■ DATA EXCERPT:
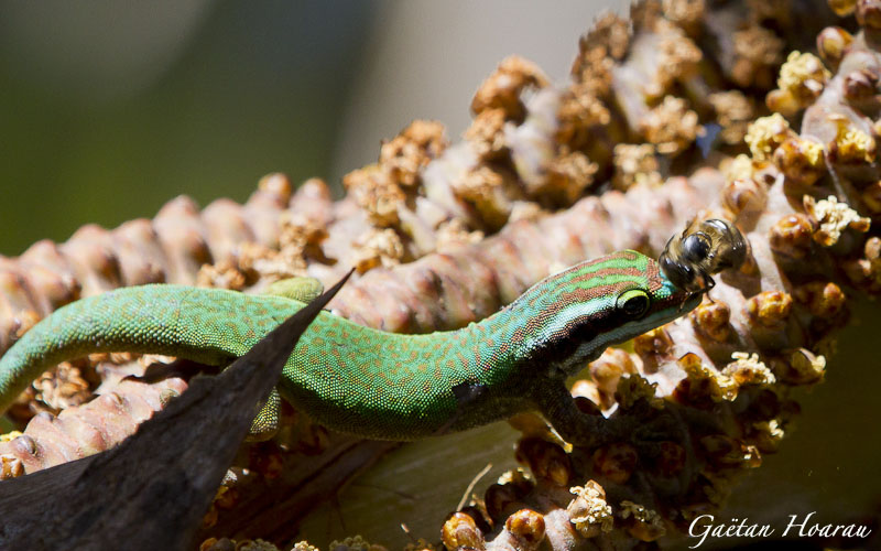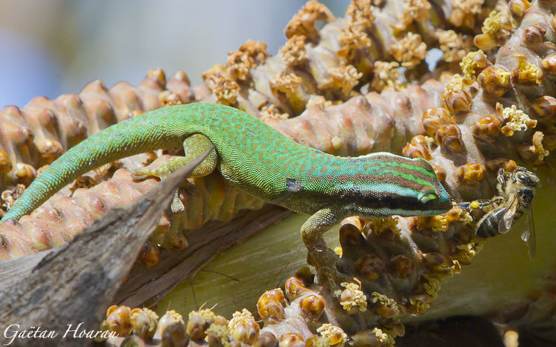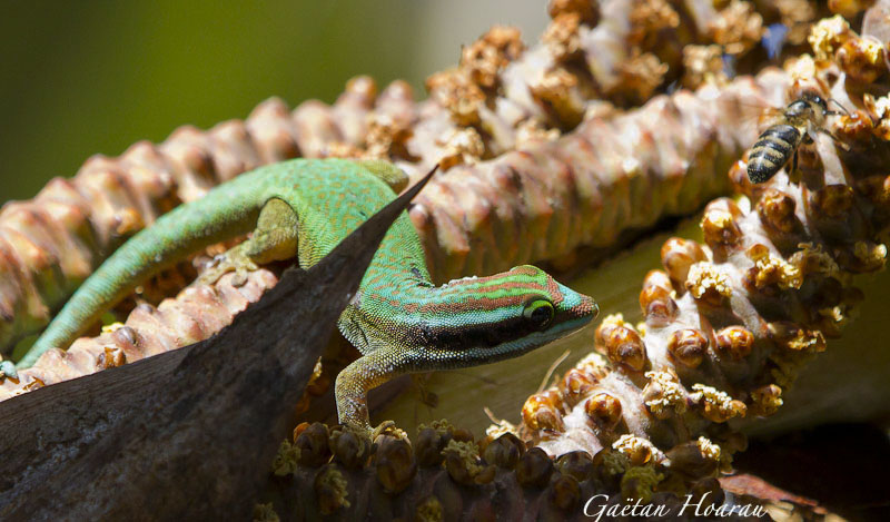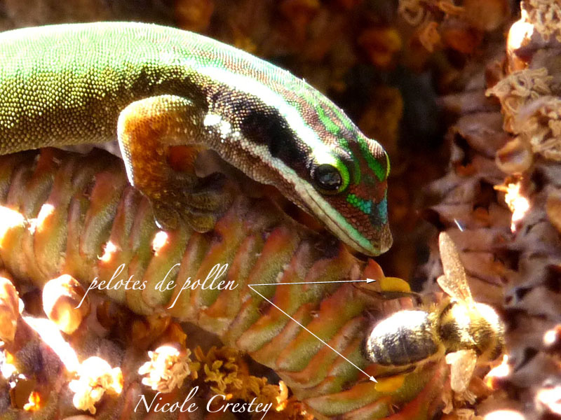 Phelsuma inexpectata attiré par la pelote de pollen d’une abeille.
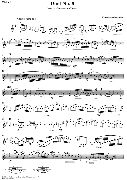 "Duet No. 8, from "12 Instructive Duets" - Violin 1" Sheet Music by Francesco Geminiani
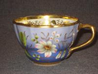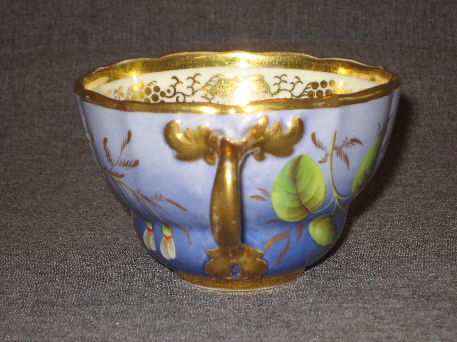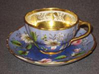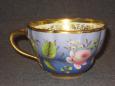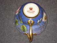 Очень редкое и очень красивое крытьё Королевского синего цвета, переходящего в фиалковый цвет. Внутри чашки шикарная позолота до самого низа с росписью золотом в верхней части. Чашка находится в превосходном состоянии. Нет ни сколов, ни трещин, ни реставраций. Даже потёртости совершенно мизерные. На тыльной стороне блюдца присутствует маленькая волосяная трещинка на глазури длиной приблизительно 2,7 см. При этом на фасадной стороне блюдца этой трещинки я не увидел даже под очень хорошим освещением мощным фонариком (смотрите последнюю фотографию).
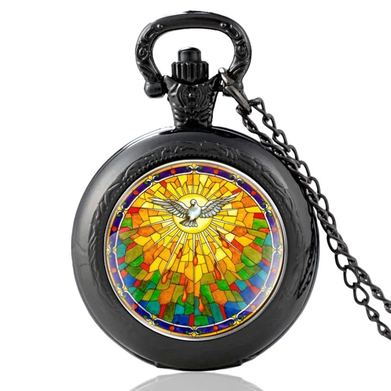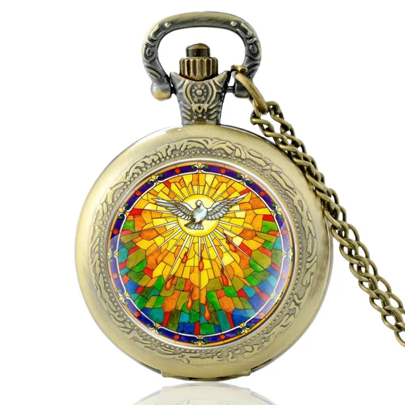 Часы наручные католические в стиле Святого Духа, дизайнерские Серебристые винтажные кварцевые карманные, с подвеской, для мужчин и женщин, Подарочные ожерелья

■ WORK REQUEST: What you return should be the full listing, unchanged, minus the pictures.

■ WRITTEN REPLY:
 Phelsuma inexpectata attiré par la pelote de pollen d’une abeille.
 "Duet No. 8, from "12 Instructive Duets" - Violin 1" Sheet Music by Francesco Geminiani
 Очень редкое и очень красивое крытьё Королевского синего цвета, переходящего в фиалковый цвет. Внутри чашки шикарная позолота до самого низа с росписью золотом в верхней части. Чашка находится в превосходном состоянии. Нет ни сколов, ни трещин, ни реставраций. Даже потёртости совершенно мизерные. На тыльной стороне блюдца присутствует маленькая волосяная трещинка на глазури длиной приблизительно 2,7 см. При этом на фасадной стороне блюдца этой трещинки я не увидел даже под очень хорошим освещением мощным фонариком (смотрите последнюю фотографию).
 Часы наручные католические в стиле Святого Духа, дизайнерские Серебристые винтажные кварцевые карманные, с подвеской, для мужчин и женщин, Подарочные ожерелья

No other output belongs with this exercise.